Date of Call: Wednesday July 7, 2010
Time of Call: 11:00am Eastern Daylight Time (EDT), 16:00 British Summer Time (BST), 17:00 Central European Time (CET)
Dial-In #: +1.617.761.6200 (Cambridge, MA)
Dial-In #: +33.4.89.06.34.99 (Nice, France)
Dial-In #: +44.117.370.6152 (Bristol, UK)
Participant Access Code: 4257 ("HCLS").
IRC Channel: irc.w3.org port 6665 channel #HCLS (see W3C IRC page for details, or see Web IRC)
Duration: ~1h
Convener: Susie

Agenda

Mapping experimental data - All

- Feedback on Wiki site
- Learning from the BioOntologies Paper

Seed grants - Susie
Data updates - Egon, Matthias, Anja, Oktie
AOB

Minutes

Attendees: Bosse, Rich, Matthias, Oktie, Claus, Elgar, Susie

<Susie> http://esw.w3.org/HCLSIG/LODD/Mapping_Experimental_Data

<rboyce> agenda item 1: feed back on the wiki site

<rboyce> 10 questions -- are these good questions? Should there be other questions?

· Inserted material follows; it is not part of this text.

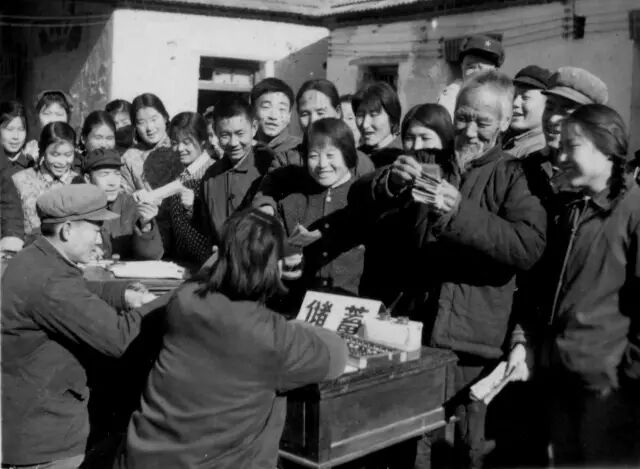 1979年,农信社信贷人员在村中进行生产队年终分配时的情景

<rboyce> Discussion about the definition of experimental data...does it include EHR data?

<rboyce> EHR record could be an experimental dataset

<rboyce> aka "instance data"

<rboyce> main focus -- how do we best model what is often very complex data produced from experiments in RDF?

<rboyce> are these good questions to have answered in a "best practice

<rboyce> " document"

<rboyce> bbalsa: questions: once data is published -- how can the original data be augmented with additional insights?

<rboyce> bbalsa: this question would be helpful for scientists publishing their data in RDF

<rboyce> http://en.wikipedia.org/wiki/Entity-attribute-value_model

<rboyce> question: it seems that experience with best practices for representing health data in the entity-attribute-value (EAV) model would be applicable to representing experimental data in RDF. Has anyone looked into this?

<Susie> http://esw.w3.org/HCLSIG/LODD/Mapping_Experimental_Data#Mapping_Experimental_Data_to_RDF

<rboyce> example paper on best practices for EAV modeling: http://www.ncbi.nlm.nih.gov/pmc/articles/PMC2110957/

<rboyce> some of the questions would be much harder to address than others

<rboyce> for example, determining URI namespaces might be less involved than some others

<rboyce> question: questions regarding tools -- e.g. how to get the tool to work with linked data and usable interfaces

<rboyce> Susie -- tools questions might not be appropriate for a 'best practices' paper

<rboyce> mapping should be independent of implementation

<rboyce> oktie -- as data sources grow; d2r mapping might not scale to allow efficient query responses

<rboyce> oktie -- how important is scalability?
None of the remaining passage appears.